Lessons from remunicipalisation

As campaigners against water privatization, we encourage public water management: we welcome this new trend, but to what extent is it good news? Our research found that:

  • remunicipalisation can save money for public budgets, and sometimes a lot such as in Paris where the city saved enough to reduce water tariffs by 8% without endangering investments and financial stability
  • it always allows for more transparency
  • it can increase the system’s efficiency (performing to best technical capacity as opposed to just complying with legal standards)
  • it often puts extension of coverage and equal access back on the agenda[1]

In short, remunicipalisation works!

But other findings are equally interesting. The most striking one perhaps is that the decision to remunicipalize is usually taken mainly on financial and technical grounds. Pro-public water political campaigning does help, but the mere fact that private management fails to run systems in a technically sound and politically acceptable way can be enough to lead to remunicipalisation. In short, privatization is its own worst enemy.

Ongoing struggles

The remunicipalisation wave continues. Veolia just lost one of its oldest contracts in France in the city of Rennes. A city spokesperson explained: “There’s a contradiction between the council’s aim to reduce water consumption and that of the operator whose interest is to see it increase.”
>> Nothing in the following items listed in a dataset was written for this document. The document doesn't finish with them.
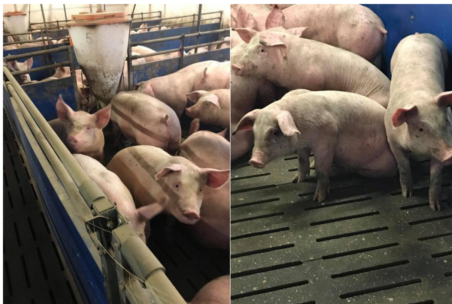
Slika 9. Trolinijski hibrid PIC na poljodjelskom obrtu Srijem u Iloku

Osnovne karakteristike ovako dobijenih hibrida (tovljenika) koji se koriste i na poljodjelskom obrtu Srijem (Slika 9.) su: robustan kostur, dobra otpornost, niska konverzija hrane (utrošak hrane po jedinici prirasta), kraći broj dana provedenih u tovu do željenih završnih tjelesnih masa, vrlo dobri tovni parametri, dobar odnos mesa i masti i to kod većih završnih tjelesnih masa, te vrlo dobra kvaliteta mesa.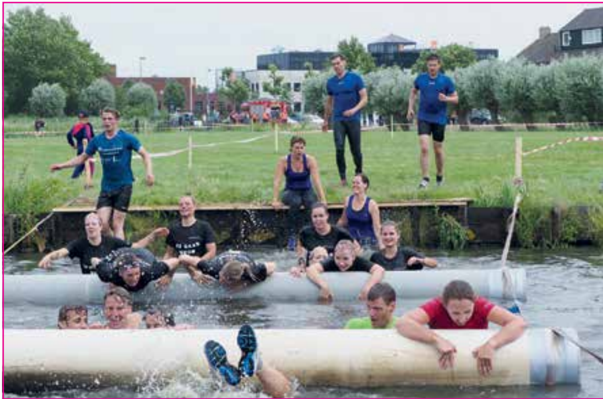
Ook dit jaar: sportiviteit, gezelligheid, kermis en een lekker zonnetje...

De warming-up wordt verzorgd door Lieftefit, het evenement wordt verder muzikaal omlijst door o.a. DJ Weizen & DJ Drogba en voor de kids staat er een springkussen op het Gemeentehuisplein. Om 19.30 is de prijsuitreiking voor de snelste dame, snelste heer en het snelste team en voor iedere deelnemer is er een schitterende medaille. Aansluitend is er nog een verloting, voor alle deelnemers en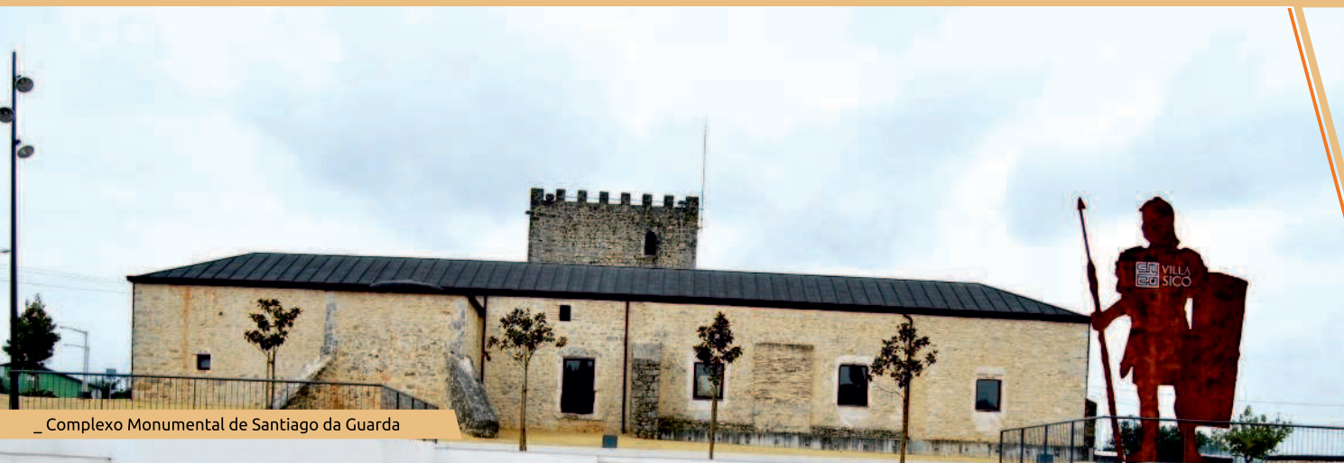
_ Complexo Monumental de Santiago da Guarda

Distância 17,500 km Duração 4h15 Grau de Dificuldade 4 Dificil _ variante 8,650 km | 2h00

The water companies’ business model for municipal contracts is outdated, at least in the EU. Consumption slowly but steadily decreased over the past 20 years, limiting revenue while costs skyrocketed, and the resulting hike in water tariffs has generated political discontent and high scrutiny. Cities that don’t remunicipalize renegotiate their contracts fiercely: it is common for water multinationals to give 30% rebates these days to keep their contracts, hoping they can still recoup their costs later.
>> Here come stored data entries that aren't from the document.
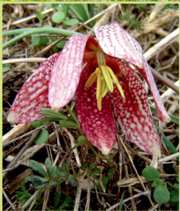
Fritillaria meleagris L. Obična kockavica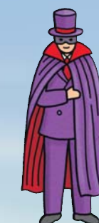
Мистер Икс неуловимый вор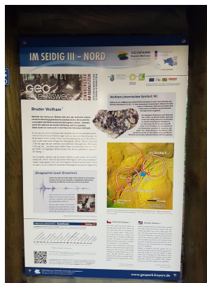
Bild 4: Infotafel des Geo-Erlebniswegs Weißenstadt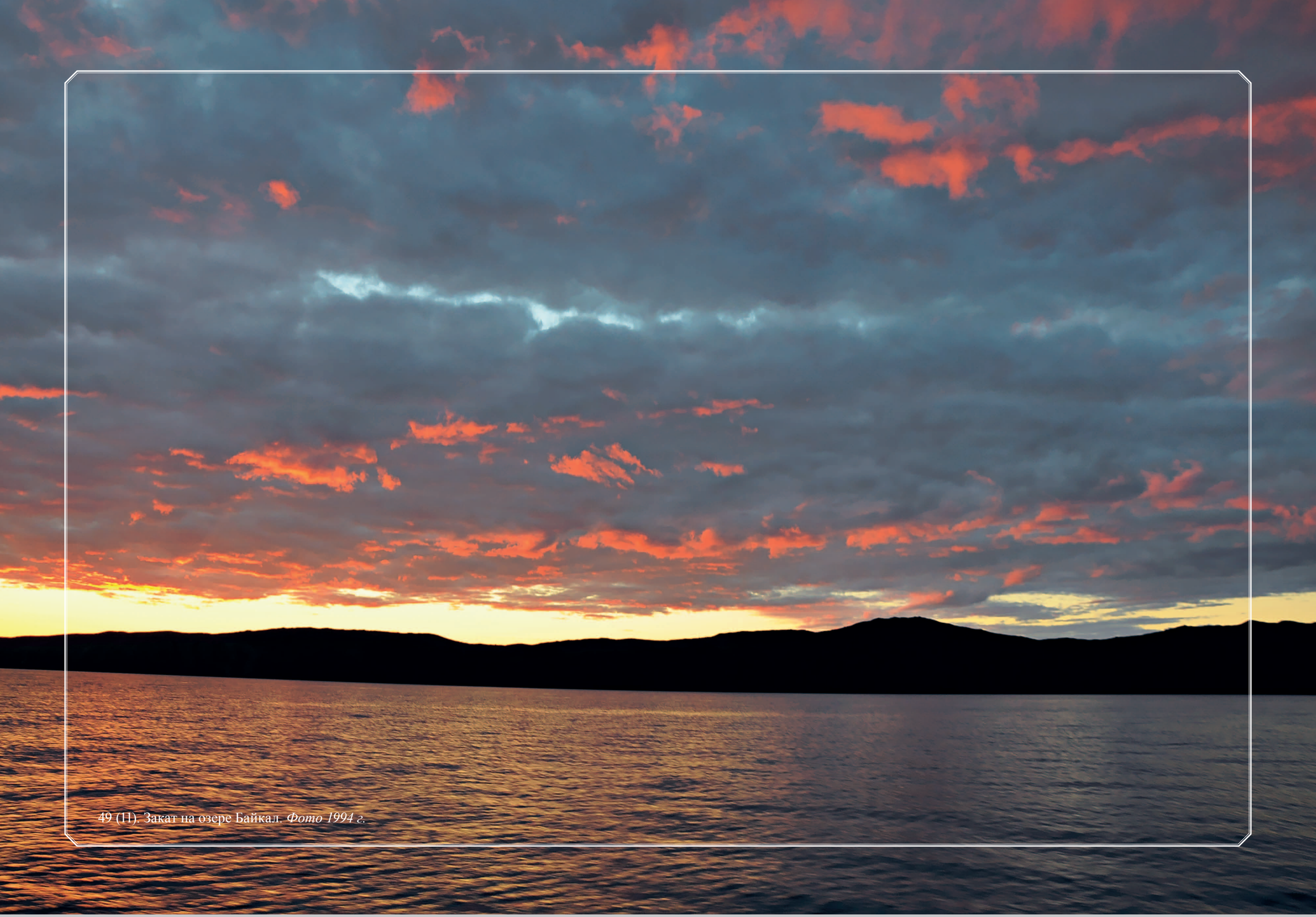
49 (11). Закат на озере Байкал. Фото 1994 г.

They are now trying to restructure their businesses, with two major options:

  1. Veolia seems to focus more on traditional engineering works and services for public and private clients, as well as new ones such as the mining and oil industry (fracking requires enormous amounts of water and involves high clean-up costs).
  2. Suez seems to try to capture the very management of the resource and the politics of water through “integrated water governance” contracts, trying to sell cities “water health contracts” and co-opting the language of the progressive water world.

One remark: the European Commission seems to completely ignore all of the above. It has never promoted water privatization as enthusiastically as today, imposing this failed model on Greece, Portugal and everywhere it’s given the chance. It has for the first time included water in Internal Market legislation on concession contracts, causing an uproar – and intense corporate lobbying – in Brussels these days. Indeed, “the Commission believes that the privatisation of public utilities, including water supply firms, can deliver benefits to the society when carefully made.”(EC, DG ECFIN 2012)

Making ‘public’ work

Public ownership is a pre-requisite but never a guarantee for better performance. “Public” must go hand in hand with democratization of the service. Only that way can challenges of the water sector be tackled in a sustainable way:

How can we finance costly infrastructure without giving control to corporations or banks?
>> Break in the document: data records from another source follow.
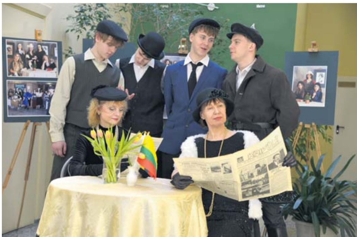
renginio „Ponas Tarpukaris“ fragmentai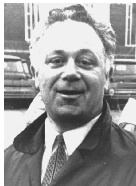
А таким мы ещё застали его на подходе к 55. Каких-то 15 лет, а ведь это — жизнь целого поколения неуспокоенных.

Подвергай всё сомнению, — повторял нам учитель вслед за древними мудрецами. И сам сомневался. И нас приучил. Вот и подвергаем всё сомнению — вслед за учителем. Мы хотели быть похожими, мы старались подражать. Да не всем по силам его жизненный принцип: «До объяснений не унижусь». Где уж там! И всё же — слава Богу — верим в доброту людскую и душевный дар, всё ж остаёмся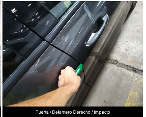
Puerta / Delantero Derecho / Impacto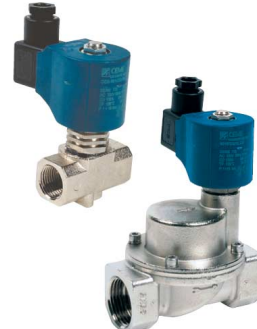
2-weg magneetventiel normaal gesloten minimum verschilddruk nodig : 1,0 bar fig 624 : (ESV80) FF 1/2" - 2" bsp huis : messing teflon dichting temp. : -40°C +180°C 24 - 48 - 230 VAC / 12 - 24 VDC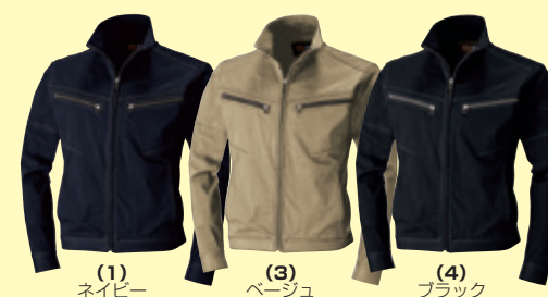
(1) ネイビー (3) ベージュ (4) ブラック

50093 長袖ブルゾン ¥18,000 (税込 ¥19,800) 素 材：綿 85%・ポリエステル 15% サイズ：S～3L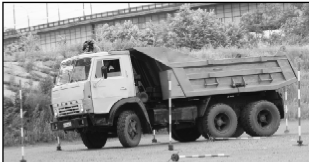
Участники состязаний водителей грузовых автомобилей удивили легкостью управления тяжелой техникой.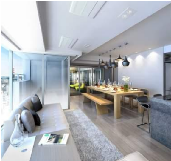
パーティーラウンジ完成予想図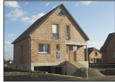
Neues Einfamilienhaus vor dem Verputzen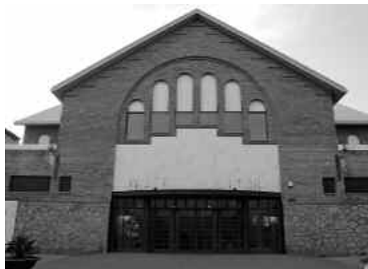
Façana del Teatre Auditori.

Si bé aquests paràmetres no poden ser presos al peu de la lletra, atès que són uns estàndards de referència que caldria, a més, que s'adaptessin a la realitat cultural de cada municipi, sí que poden ser un bon punt de partida per contrastar la situació dels equipaments culturals de Ripollet.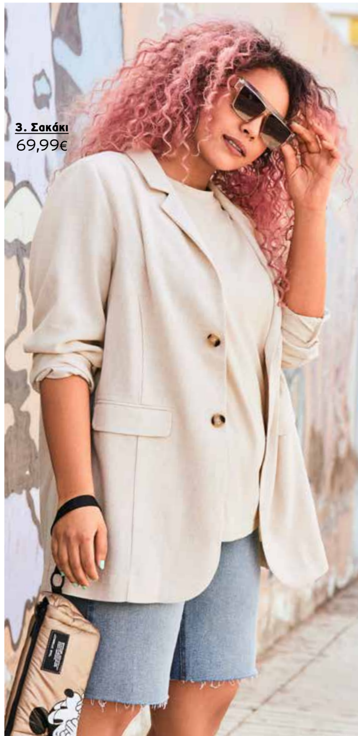
3. Σακάκι 69,99€

2 Τοπ αμάνικο με στρογγυλή λαιμόκοψη, σε ελαφρώς φαρδιά γραμμή. 100% cotton. Πλύσιμο στο πλυντήριο. Μήκος περίπου, προσαρμοσμένο στο μέγεθος: 65 - 73 cm. Μεγέθη: 42/44, 46/48, 50/52, 54/56, 58/60 794 533 150 Μνεζ 19,99€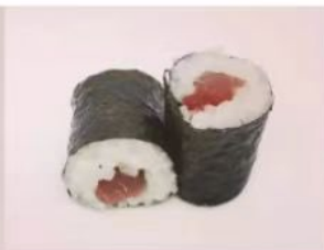
51. 🍣🍣 MAGURO MAKI tonno riso in alga nori 4.00€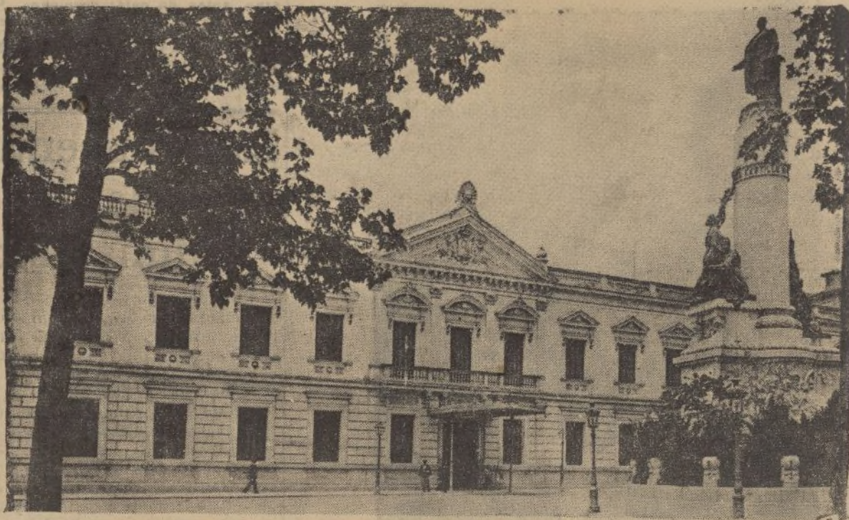
Palacio del Senado, hoy en completo desuso. Entre otros recuerdos históricos se cuenta el de la coronación en su recinto del gran poeta Quintana el año 1855. En la explanada-jardín que existe delante de este edificio, antigua residencia de doña María de Molina, se yergue el monumento erigido a Cánovas.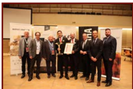
Brass Band Oberösterreich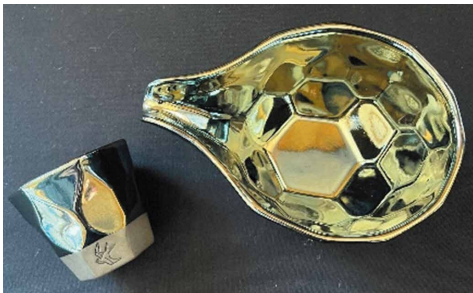
プラチナブルー酒器セット (盃・冷酒器)

本体サイズ: 盃/φ63×H55 (mm) 冷酒器/W150×D95×H65 (mm) 220ml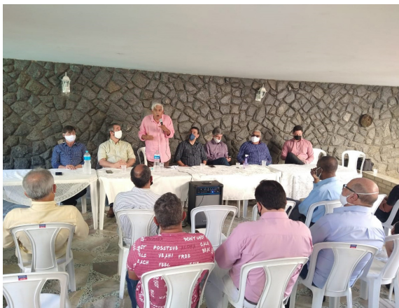
Trincheira do Bem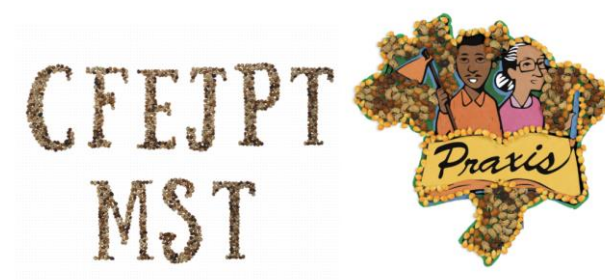
Figura 6 – Resultado após tratamento final de imagem e colorização do novo logotipo.

Desenvolvimento de Elementos Visuais Originais: Os membros do CFEJPT coletaram folhas do próprio território, as quais foram secadas e depois pintadas a fim de criar estampas exclusivas que representassem a identidade do local.

How can water management be integrated in urban and land planning, in forestry and agriculture policies to improve resilience, resource quality and adapt to climate change?

How to fight other forms of privatization such as the end-of-pipe technological approach to pollution, or useless and dangerous ideas such as water rights markets?

How to translate these technical issues into political issues that all can understand and contribute to?

Remunicipalisation advances these debates by raising water issues on the political agenda and is a golden opportunity to try and solve them.

Martin Pigeon is a researcher and campaigner with Corporate Europe Observatory (CEO). CEO is a research and campaign group working to expose and challenge the privileged access and influence enjoyed by corporations and their lobby groups in EU policy making.



[1]     The World Health Organisation estimates than every dollar invested in water supply and sanitation saves between 4 and 12 dollars in avoided health costs.